Directions → Produce a word-for-word copy of the listing below without its pictures.

*** Block opens ***

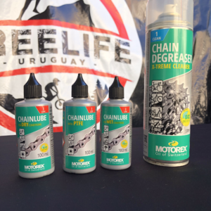 Luego de limpiar la transmisión se debe aplicar aceite y ahi entran en juego las tres opciones dde aceite, DRY/PTFE/WET que te garantizan una mayor vida útil de tu transmión.
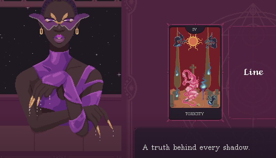 This is our main minigame: creating and designing our tarot cards. Combining this with the main gameplay loop of doing readings to other witches, using their energy from the readings to create new cards is incredibly fun and satisfying. If the game had been just that loop of readings and crafting, I would have been satisfied. This felt like how my Animal Crossing loving friends talked about the loop of that game that I could never get into.
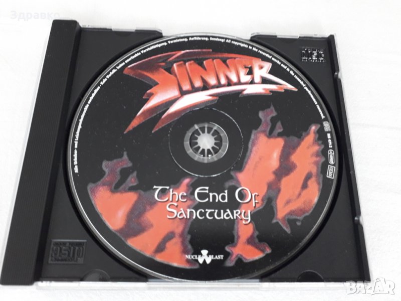 SINNER – The End Of Sanctuary от 2000 год. - Germany, Heavy Metal Състоянието на диска е отлично. Диска е БЕЗ обложки! Цената е крайна и не подлежи на коментар! Телефон не винаги мога да вдигам, затова за връзка за предпочитане е личното съобщение. При желание мога да направя повече и по-детайлни снимки.
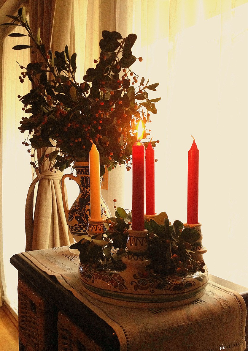 Az adventi koszorú négy gyertyája int minket. Az első arra, hogy Krisztus az, akinek eljöveteléről jövendöltek az ószövetségi próféták. A második arra, hogy Krisztus valóban eljött, megérkezett karácsonykor. A harmadik azt mondja, hogy ő az, akit a mindenkori jelenben naponta várni kell. A negyedik arról szól, hogy Krisztus az, aki a maga idejében eljön ítélni eleveneket és holtakat.
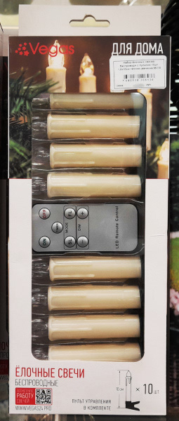 Ёлочные свечи беспроводные с пультом управления, набор 10 шт., 1,8х10 см тёплое свечение 55118

*** Block closes ***

Your response →
 Luego de limpiar la transmisión se debe aplicar aceite y ahi entran en juego las tres opciones dde aceite, DRY/PTFE/WET que te garantizan una mayor vida útil de tu transmión.
 This is our main minigame: creating and designing our tarot cards. Combining this with the main gameplay loop of doing readings to other witches, using their energy from the readings to create new cards is incredibly fun and satisfying. If the game had been just that loop of readings and crafting, I would have been satisfied. This felt like how my Animal Crossing loving friends talked about the loop of that game that I could never get into.
 SINNER – The End Of Sanctuary от 2000 год. - Germany, Heavy Metal Състоянието на диска е отлично. Диска е БЕЗ обложки! Цената е крайна и не подлежи на коментар! Телефон не винаги мога да вдигам, затова за връзка за предпочитане е личното съобщение. При желание мога да направя повече и по-детайлни снимки.
 Az adventi koszorú négy gyertyája int minket. Az első arra, hogy Krisztus az, akinek eljöveteléről jövendöltek az ószövetségi próféták. A második arra, hogy Krisztus valóban eljött, megérkezett karácsonykor. A harmadik azt mondja, hogy ő az, akit a mindenkori jelenben naponta várni kell. A negyedik arról szól, hogy Krisztus az, aki a maga idejében eljön ítélni eleveneket és holtakat.
 Ёлочные свечи беспроводные с пультом управления, набор 10 шт., 1,8х10 см тёплое свечение 55118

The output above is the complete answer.